══ Dataset records ══

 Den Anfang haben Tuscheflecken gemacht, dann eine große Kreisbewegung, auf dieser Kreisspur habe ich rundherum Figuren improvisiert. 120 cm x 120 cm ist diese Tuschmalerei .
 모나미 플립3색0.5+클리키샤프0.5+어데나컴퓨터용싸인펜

═══
══ Dataset records ══

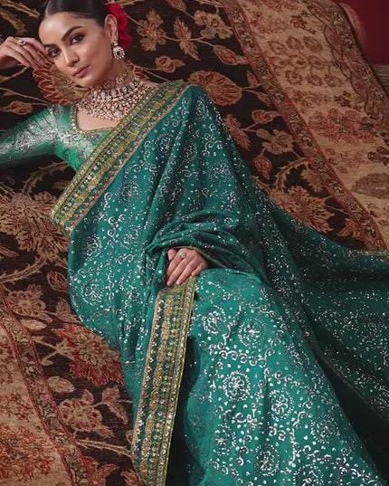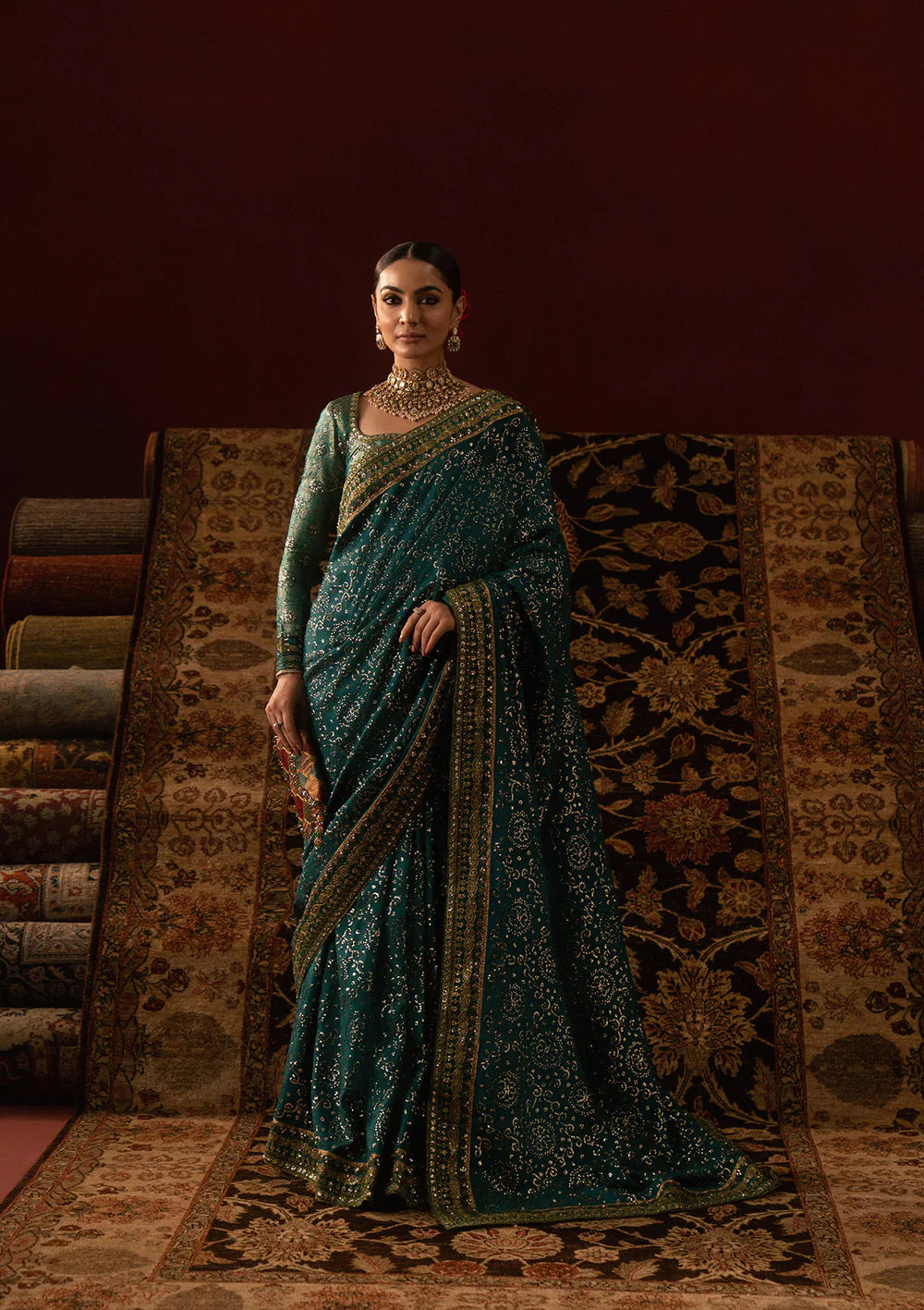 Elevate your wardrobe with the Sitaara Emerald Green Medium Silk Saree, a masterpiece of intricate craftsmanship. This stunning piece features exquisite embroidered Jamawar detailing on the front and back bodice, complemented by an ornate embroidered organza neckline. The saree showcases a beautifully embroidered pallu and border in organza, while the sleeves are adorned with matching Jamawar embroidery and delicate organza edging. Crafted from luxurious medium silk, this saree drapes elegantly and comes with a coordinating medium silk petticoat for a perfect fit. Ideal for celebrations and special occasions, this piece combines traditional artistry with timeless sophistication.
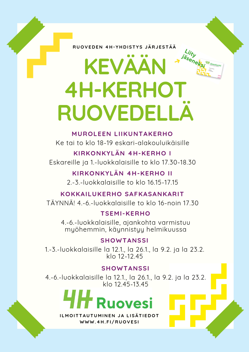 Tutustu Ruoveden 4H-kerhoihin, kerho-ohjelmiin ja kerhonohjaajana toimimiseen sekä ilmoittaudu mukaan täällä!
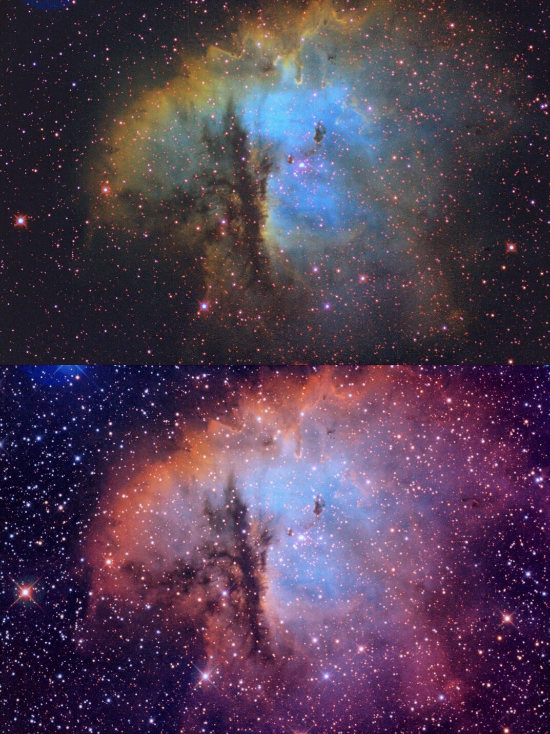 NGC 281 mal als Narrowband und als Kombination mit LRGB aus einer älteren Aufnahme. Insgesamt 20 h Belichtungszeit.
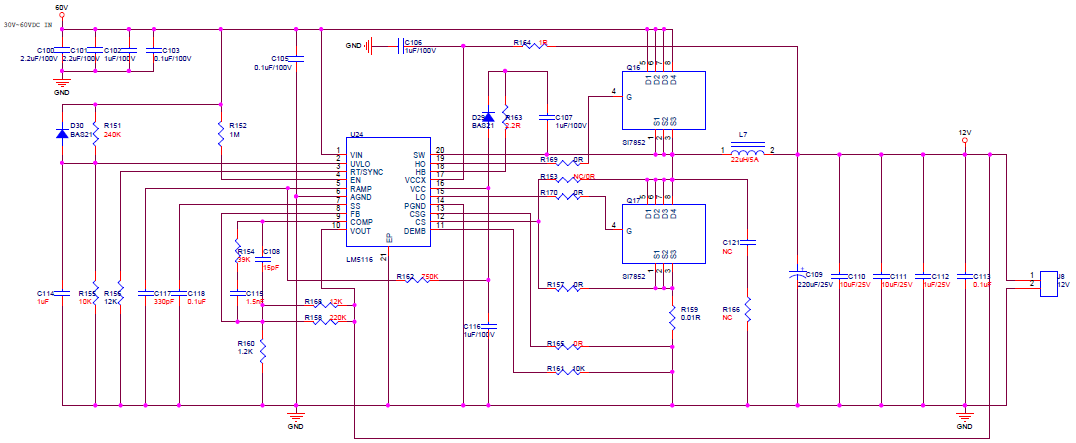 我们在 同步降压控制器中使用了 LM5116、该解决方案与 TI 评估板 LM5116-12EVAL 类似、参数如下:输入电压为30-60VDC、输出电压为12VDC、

═══

**Task item**
In the records above, the line with "Den Anfang haben" marks the start and the line with "모나미 플립3색0.5+클리키샤프0.5+어데나컴퓨터용싸인펜" marks the end; copy that stretch exactly, both lines included, and nothing else.

**Output below**
 Den Anfang haben Tuscheflecken gemacht, dann eine große Kreisbewegung, auf dieser Kreisspur habe ich rundherum Figuren improvisiert. 120 cm x 120 cm ist diese Tuschmalerei .
 모나미 플립3색0.5+클리키샤프0.5+어데나컴퓨터용싸인펜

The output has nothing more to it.